Saya beberapa kali berjumpa dengan Rachmawati Soekarnoputri. Tanggal 22 Mei 2006 diundang ke rumahnya di Jatipadang, Jakarta berdua dengan dokter Kartono Mohammad.
Kami pernah menulis tentang rahasia kesehatan Bung Karno pada akhir hayatnya di media.
Rachmawati memperlihatkan sembilan bundel buku dengan tulisan tangan laporan/observasi hari per hari perawat yang mengurus mantan Presiden Sukarno di Wisma Yaso 7 Februari 1969 - 9 Juni 1970.
Diukur suhu badan dan tekanan darah serta jumlah air kencing dalam tempo 24 jam.
Namun ketika tekanan darahnya tinggi tidak ada obat untuk menurunkannya, demikian tidak diberikan obat untuk melancarkan air kecing ketika terjadi pembengkakan.
Bila sakit kepala diberi Novalgin dan ketika susah tidur dikasih tablet valium.
Di situ tertulis gejala kesehatan dan psikis yang dialami Sukarno dari waktu ke waktu serta obat yang diberikan. Selain itu diperlihatkan arsip tentang pemeriksaan urin.
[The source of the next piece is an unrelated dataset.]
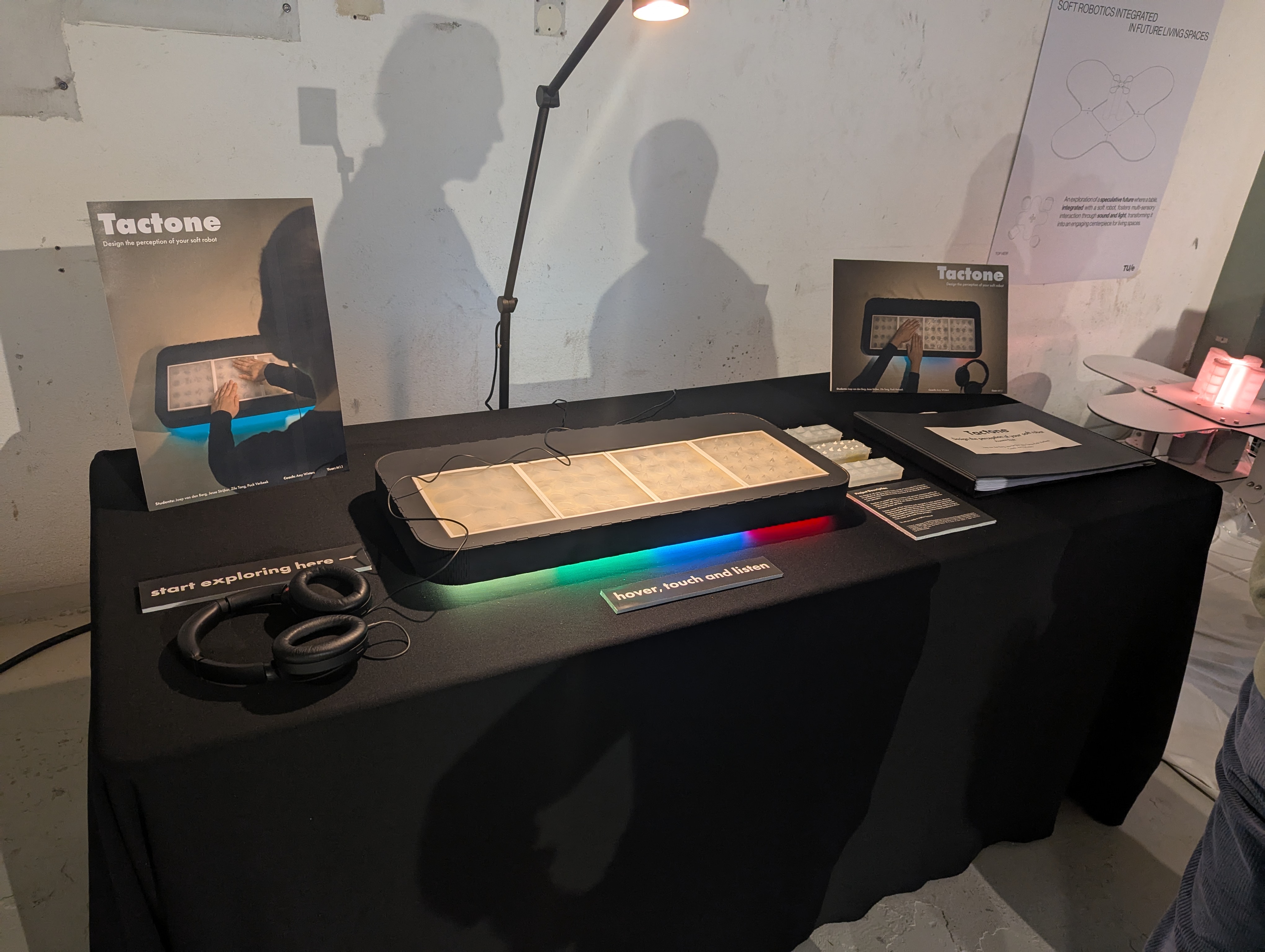 The design of soft robots is currently mainly aimed at functionality [1]. However, the aesthetics of soft robots play an important role, as they shape user perception and experience [2]. The looks, the touch and sound of soft robots all influence the user's perception. Therefore we created Tactone, a modular multi sensorial interactive pad for designers to interact with. Tactone is a perception tool, encouraging designers to explore haptics and sound of soft robotics. Tactone helps designers design the perception of their soft robot. Tactone consists of four interactive pads designed to evoke emotions, allowing designers to interpret each interaction personally. Using headphones, the designer touches the pads, feeling the silicone inflate against their hands while the audio transforms based on coverage and duration. Its modular design enables changing pads around to mix tactile and auditory experiences, fostering exploration of how touch, sound, and visuals shape perception. So, are you ready to explore Tactone?

Tetapi anehnya, pemeriksaan dilakukan di Kedokteran Hewan IPB. Apakah yang dicek itu urin dari sang Proklamator atau hewan yang ada di Istana Bogor?
Dari catatan harian perawat itu, dokter Kartono Mohammad menyimpulkan bahwa Sukarno tidak dirawat sebagai semestinya sehingga akhir meninggal tanggal 21 Juni 1970.
Setelah Rachmawati Soekarnoputri meninggal, semoga Arsip Nasional Republik Indonesia (ANRI) secepatnya menghubungi pihak keluarga, agar arsip perawat Bung Karno selama di Wisma Yaso 1969-1970 itu dapat diserahkan kepada ANRI.
Rachmawati yang meminta kepada Jenderal Soeharto agar Sukarno yang setelah keluar dari Istana Bogor dan berdiam di Batu Tulis diperbolehkan tinggal di Jakarta. Supaya lebih mudah mengunjunginya.
Ternyata Sukarno dipindahkan ke Wisma Yaso dan hanya boleh dikunjungi anak-anaknya pukul 10-13.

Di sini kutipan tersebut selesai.